# Task objective
Beginning at the line containing "An internet search", give again every line through the end of the data, unchanged and with both ends included. Drop any pictures.

# Supplied information
<<<<
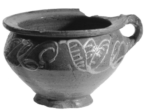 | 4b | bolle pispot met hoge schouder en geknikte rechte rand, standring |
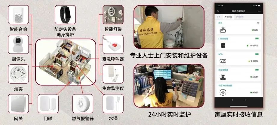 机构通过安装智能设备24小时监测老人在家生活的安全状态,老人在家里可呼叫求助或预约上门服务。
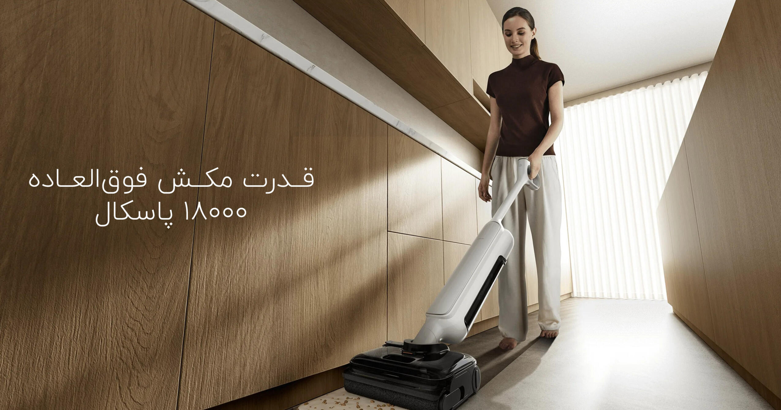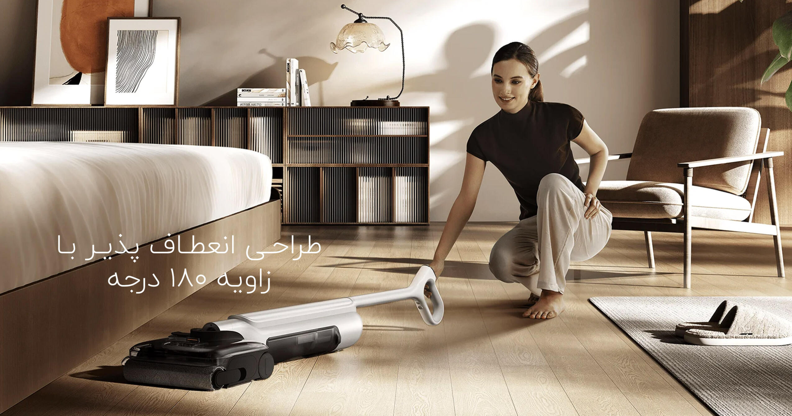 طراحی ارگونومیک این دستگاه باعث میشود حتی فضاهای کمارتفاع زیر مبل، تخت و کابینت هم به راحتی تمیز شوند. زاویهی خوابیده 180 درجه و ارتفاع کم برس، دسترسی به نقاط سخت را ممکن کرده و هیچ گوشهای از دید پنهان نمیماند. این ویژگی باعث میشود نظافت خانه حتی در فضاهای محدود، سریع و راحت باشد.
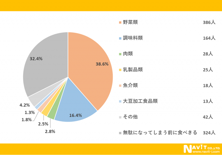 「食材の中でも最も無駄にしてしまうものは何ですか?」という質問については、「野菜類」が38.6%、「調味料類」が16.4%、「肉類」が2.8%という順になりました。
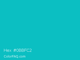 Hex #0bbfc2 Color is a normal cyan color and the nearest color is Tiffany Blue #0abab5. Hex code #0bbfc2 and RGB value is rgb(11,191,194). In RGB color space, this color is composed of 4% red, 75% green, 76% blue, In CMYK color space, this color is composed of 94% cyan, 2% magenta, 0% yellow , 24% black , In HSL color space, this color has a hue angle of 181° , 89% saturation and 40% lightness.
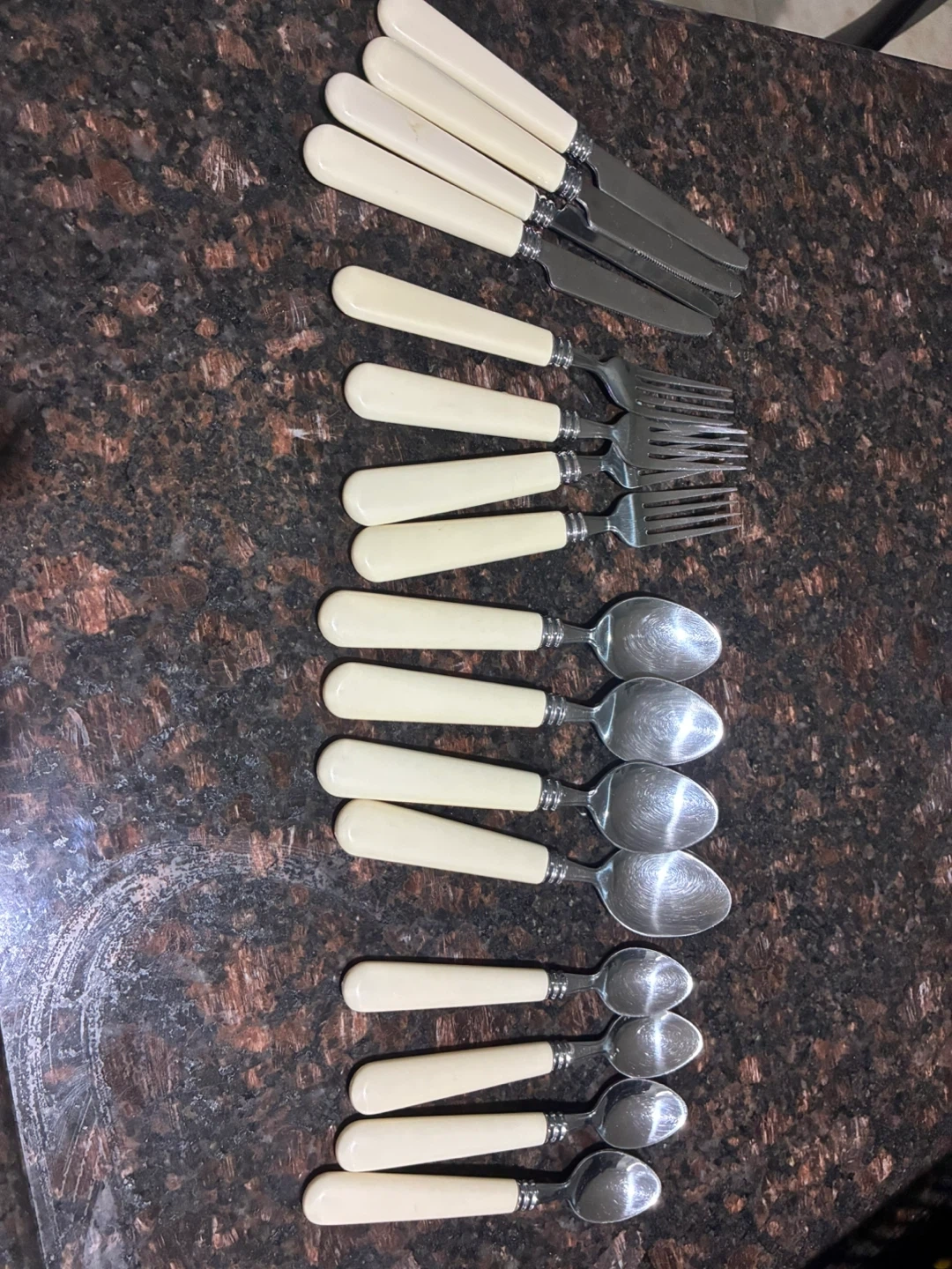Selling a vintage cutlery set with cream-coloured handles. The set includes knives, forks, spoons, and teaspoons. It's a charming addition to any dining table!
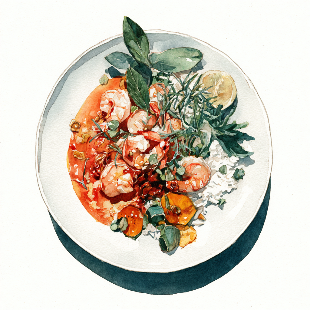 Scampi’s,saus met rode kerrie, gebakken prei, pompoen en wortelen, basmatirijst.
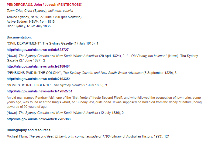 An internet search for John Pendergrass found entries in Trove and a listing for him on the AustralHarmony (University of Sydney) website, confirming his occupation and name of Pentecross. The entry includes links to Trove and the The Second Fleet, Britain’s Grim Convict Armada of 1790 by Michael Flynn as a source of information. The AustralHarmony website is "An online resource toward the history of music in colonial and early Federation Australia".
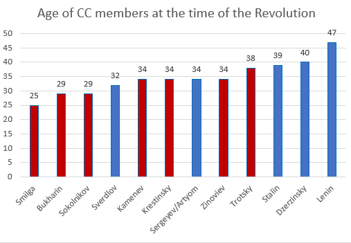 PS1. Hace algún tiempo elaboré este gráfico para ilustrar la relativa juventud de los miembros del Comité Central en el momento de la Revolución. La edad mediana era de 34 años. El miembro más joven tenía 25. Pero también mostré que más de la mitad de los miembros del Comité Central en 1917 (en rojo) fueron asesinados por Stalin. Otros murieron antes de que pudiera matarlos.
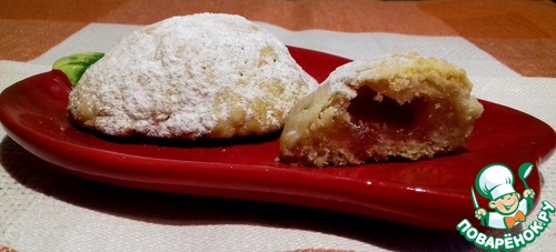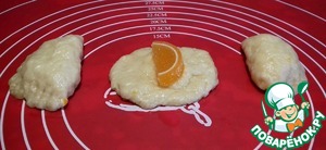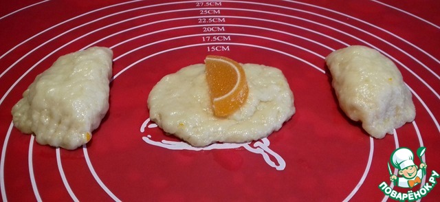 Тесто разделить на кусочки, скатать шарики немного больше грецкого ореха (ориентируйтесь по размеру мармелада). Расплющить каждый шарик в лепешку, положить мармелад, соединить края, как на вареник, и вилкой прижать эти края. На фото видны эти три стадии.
>>>>
# Reply
 An internet search for John Pendergrass found entries in Trove and a listing for him on the AustralHarmony (University of Sydney) website, confirming his occupation and name of Pentecross. The entry includes links to Trove and the The Second Fleet, Britain’s Grim Convict Armada of 1790 by Michael Flynn as a source of information. The AustralHarmony website is "An online resource toward the history of music in colonial and early Federation Australia".
 PS1. Hace algún tiempo elaboré este gráfico para ilustrar la relativa juventud de los miembros del Comité Central en el momento de la Revolución. La edad mediana era de 34 años. El miembro más joven tenía 25. Pero también mostré que más de la mitad de los miembros del Comité Central en 1917 (en rojo) fueron asesinados por Stalin. Otros murieron antes de que pudiera matarlos.
 Тесто разделить на кусочки, скатать шарики немного больше грецкого ореха (ориентируйтесь по размеру мармелада). Расплющить каждый шарик в лепешку, положить мармелад, соединить края, как на вареник, и вилкой прижать эти края. На фото видны эти три стадии.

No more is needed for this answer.